# Problem 4 (optional)

Calculating weather anomalies for another location. In this optional task you get to start from scratch and download the data yourself from NOAA.

## What to do

1. Start by downloading your own data (daily summaries for years **1959-2018 August**) for **Sodankyla Lokka** (notice the place name should be without the letter `ä`), from the [NOAA Climate Data Online Search](https://www.ncdc.noaa.gov/cdo-web/search?datasetid=GHCND). Make sure to select the starting day (and ending day) in the date selection panel after changing the year! After you have searched, click “Add to cart” for a selected station, then go to the cart. Select the ``Custom GHCN-Daily Text`` format for the resulting output file and hit continue.

    - From the `Station Detail & Data Flag Options` choose two of the following attributes: Station Name, Geographic Location. **Notice:** Do **NOT** include data flags because it makes the data difficult to read.
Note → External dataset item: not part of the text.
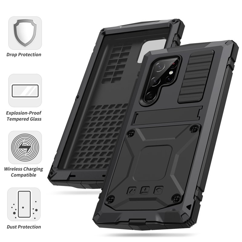 R-JUST Galaxy S22 Ultra 5G Skal Metall+Silicone Svart

Use **Standard** units.
    - Take also Precipitation and Temperature which are under a separate button below. 
    - From the next page, add your own email address where the weather data will be sent after a short moment.

2. After you have downloaded the data. you should first,

    - Calculate the average temperature using columns `TMAX` and `TMIN` and insert those values into a new column called `TAVG`.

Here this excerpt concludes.